Time to Sell Seagate Technology?
Justin is a member of The Motley Fool Blog Network -- entries represent the personal opinion of the blogger and are not formally edited.
Seagate Technology (NASDAQ: STX) reported strong 2QF12 results and gave blowout guidance. The shares are up more than 22% on the beat. The company was one of Barron’s 10 stocks for 2012 and I gave my praise for their recommendation here. Since the beginning of the year, the stock is up more than 50% and investors that followed that advice have been well rewarded. I likely wouldn’t recommend buying into the name now, but would instead take a neutral view of the stock. I think it will continue to bleed up and outperform the market thanks to recent industry dynamics.
The company is a leader in the hard disk drive market, which is used in PCs, servers, laptops, and some entertainment devices. 2QF12 EPS came in at $1.28 compared to $0.31 a year earlier. Revenue guidance for calendar 2012 was a whopping $20 billion, a notable upside to consensus estimates at $17.5 billion. This essentially stems from unsustainable pricing due to supply disruptions caused by the Thailand floods.
There are essentially two forces pulling in opposite directions regarding the outlook for the company. First off is the serious industry consolidation. Seagate just completed its purchase of Samsung Electronics HDD business and competitor Western Digital (NASDAQ: WDC) bought Hitachi Global Storage Technologies. This makes Western Digital a much more formidable competitor in Seagate’s enterprise division, but it essentially creates a duopoly. I would expect pricing to be rational going forward.

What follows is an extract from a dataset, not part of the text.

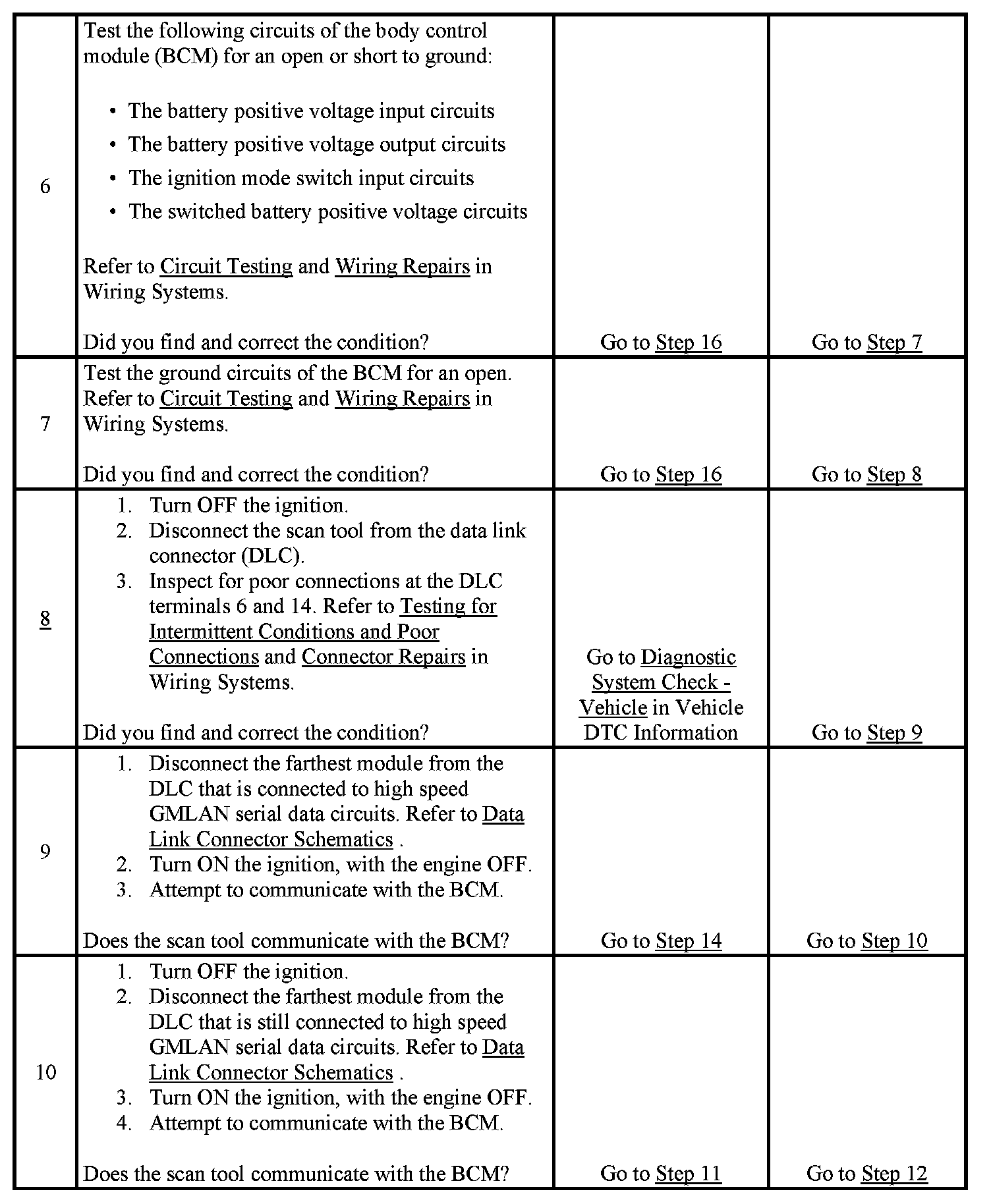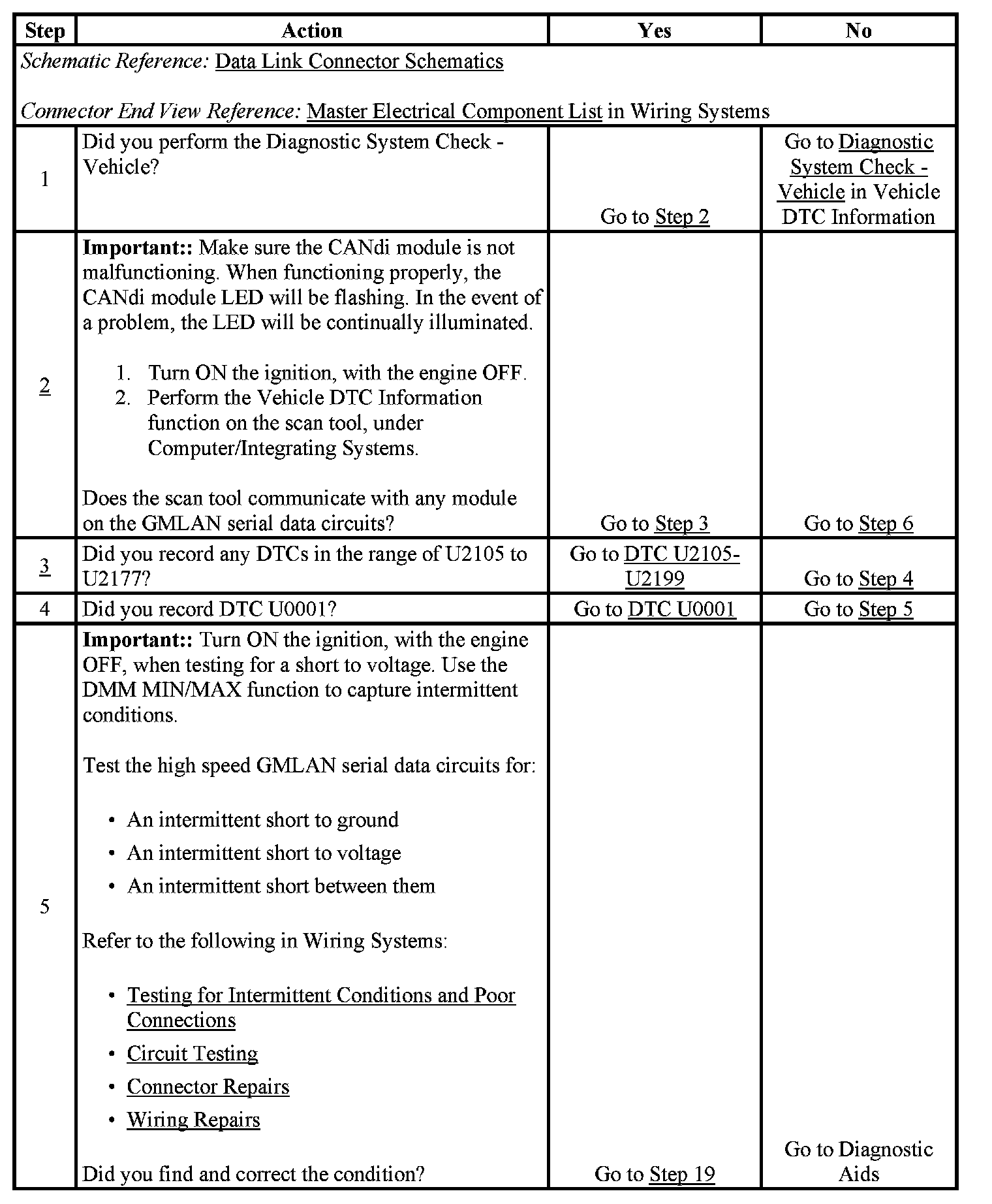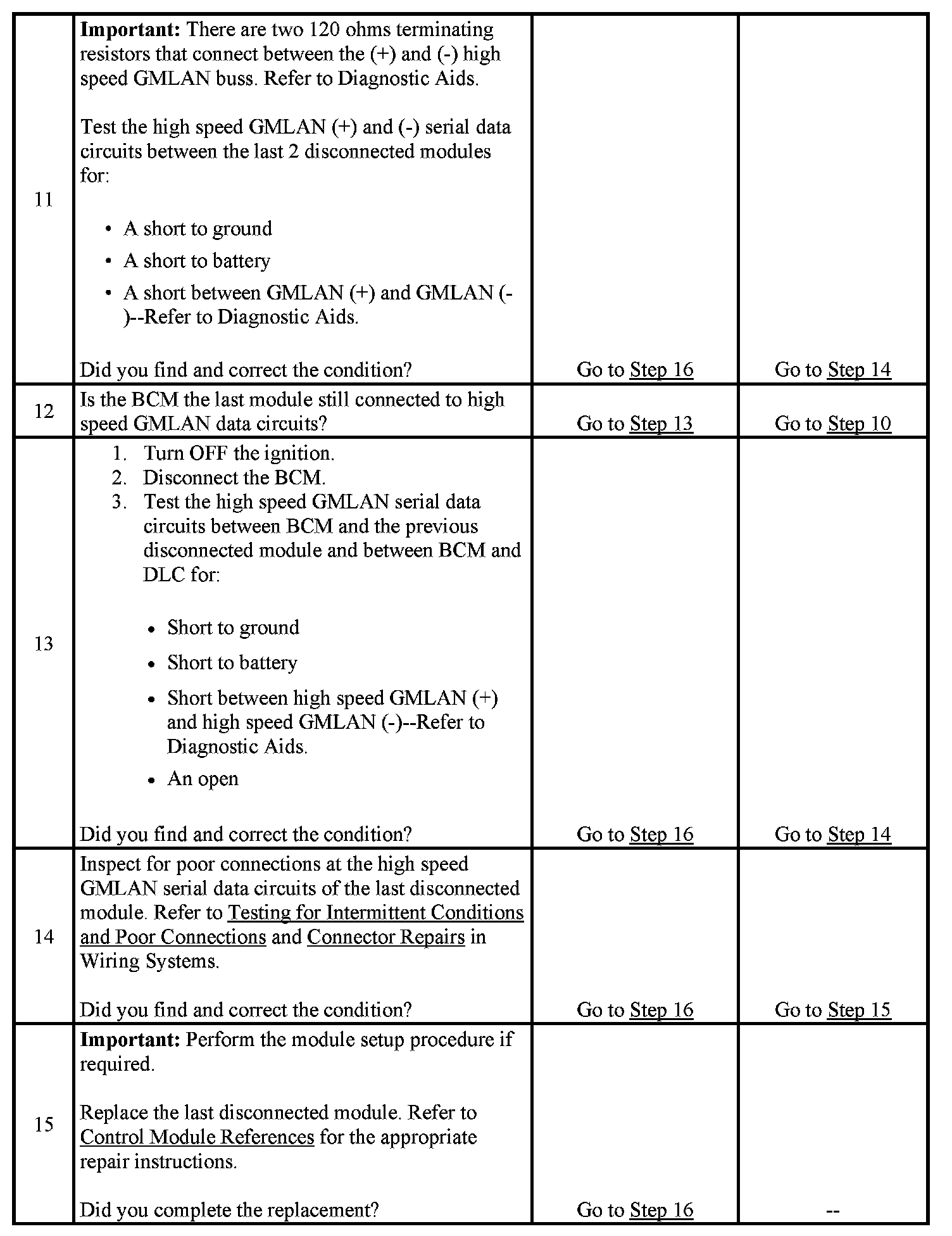2. A partial malfunction in the high speed GMLAN serial data circuits uses a different procedure from a total malfunction of the high speed GMLAN data circuits. Refer to Data Link References to identify which modules communicate on the high speed GMLAN serial data circuits.
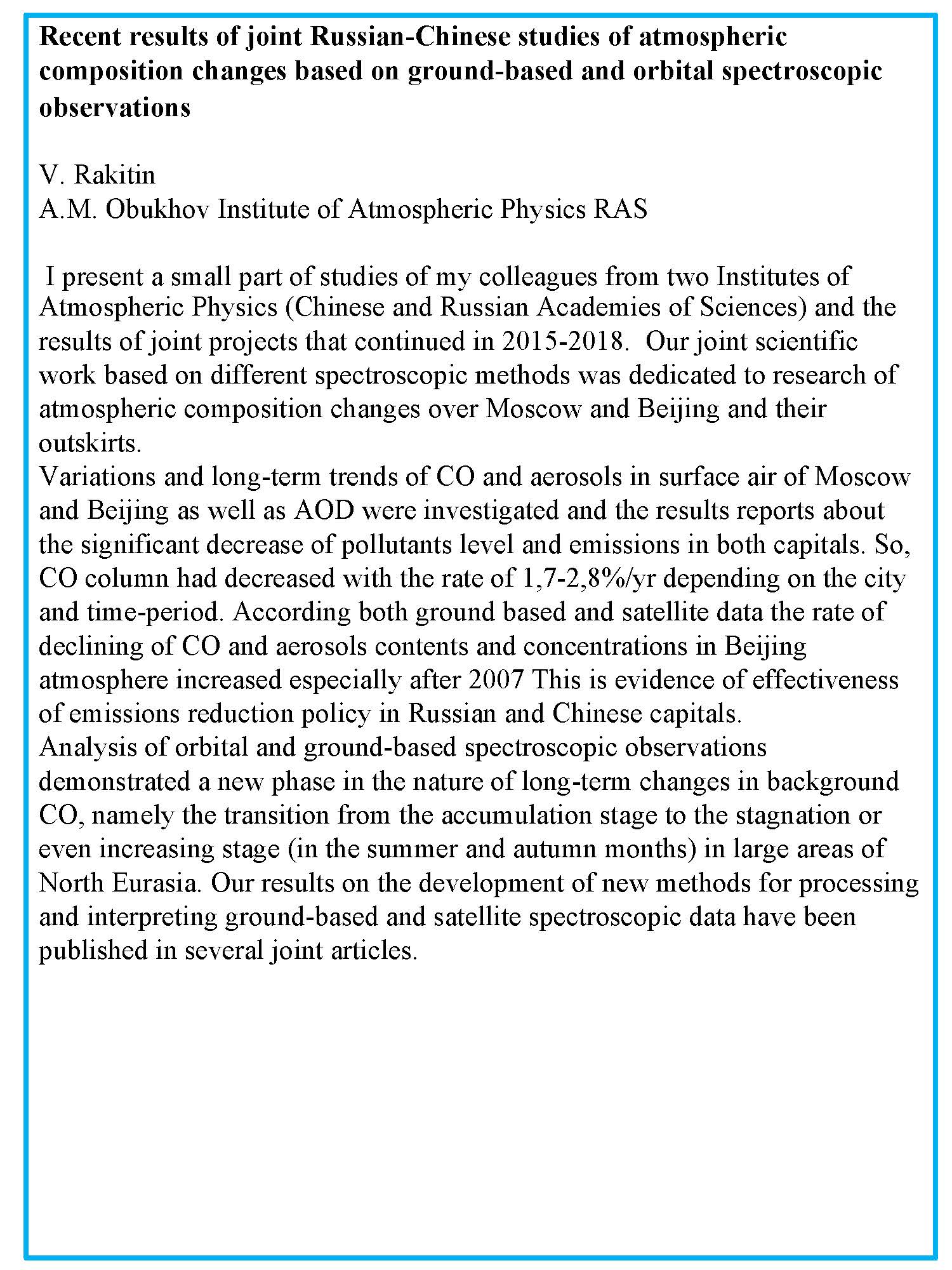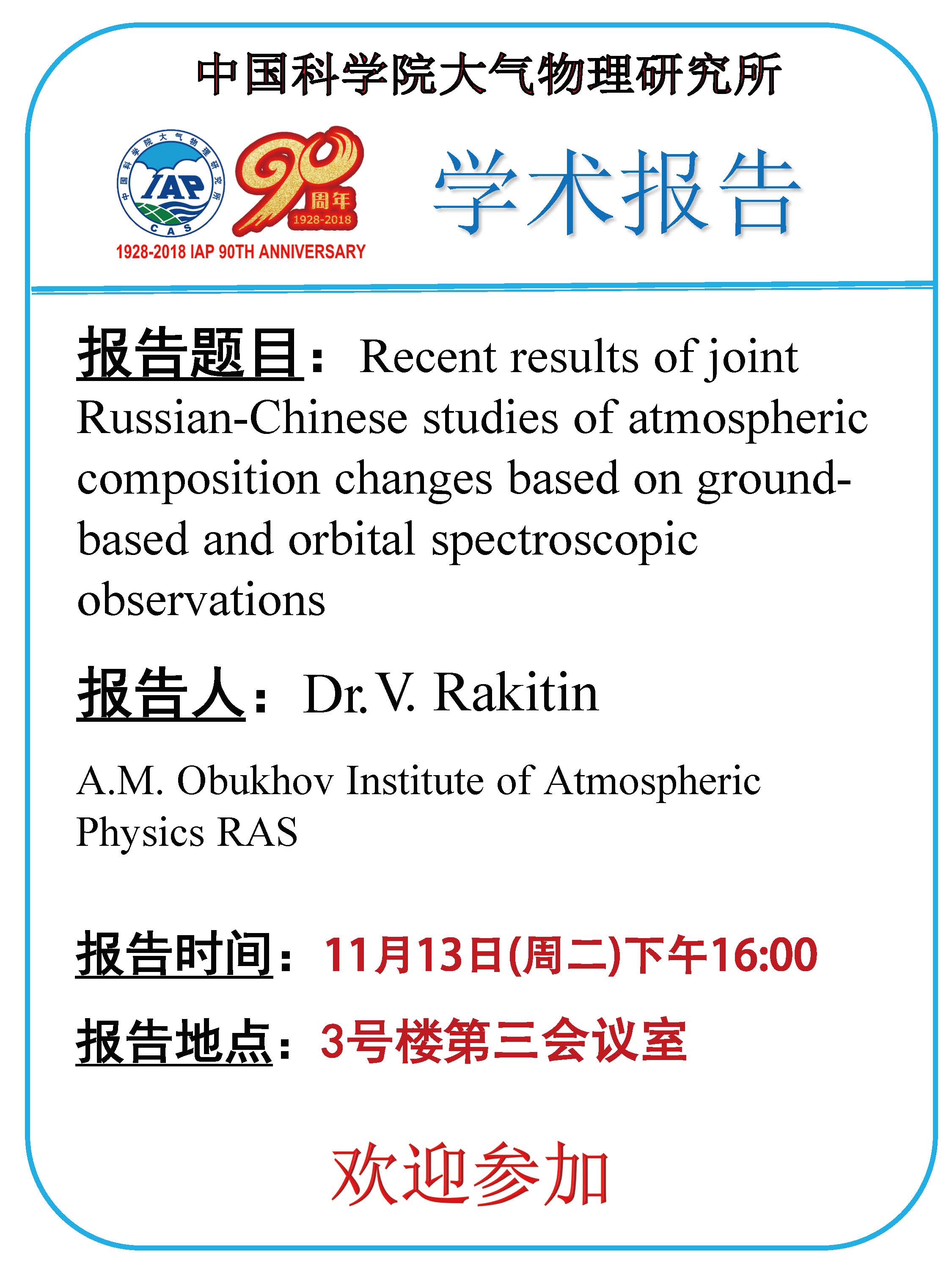 【11.13】学术报告:Recent results of joint Russian-Chinese studies of atmospheric composition changes based on ground-based and orbital spectroscopic observations

The second dynamic is the technological destruction potential in the HDD market. Eventually solid state drives (SSDs), which cost more than 5 times the price of HDDs will become more competitive and their performance advantages will warrant a transition in the industry. This is a real threat to the company.
Fundamentally speaking, I would give Seagate a neutral-plus rating. The price-to-earnings ratio is at 11x and in-line with ten-year averages. The price-to-sales ratio at 1x is also in-line with ten-year average and right in the middle of the range of 0.5x to 1.5x. That is the neutral component.
The plus component is the dividend story. The company pays an above average 3.87% yield. They have a solid dividend growth profile with a five-year average growth rate of 14%. The payout ratio is also a modest 13%. While this is a very cyclical, commodity-like business, there is plenty of opportunity to increase dividends to shareholders with such a large margin of safety built into the payout ratio.
Investors should tread carefully with Seagate. I personally think the tail - high prices in near-term and SSD fears further away than expected - will be longer than consensus expectations. The valuation story is moving toward neutral from undervalued and I think it will maintain that momentum until it eventually reaches overvalued levels later this year. That would be an ideal time to sell. Having said that, I can’t argue with those that think 50% upside in a month in a commodity-like business is good enough.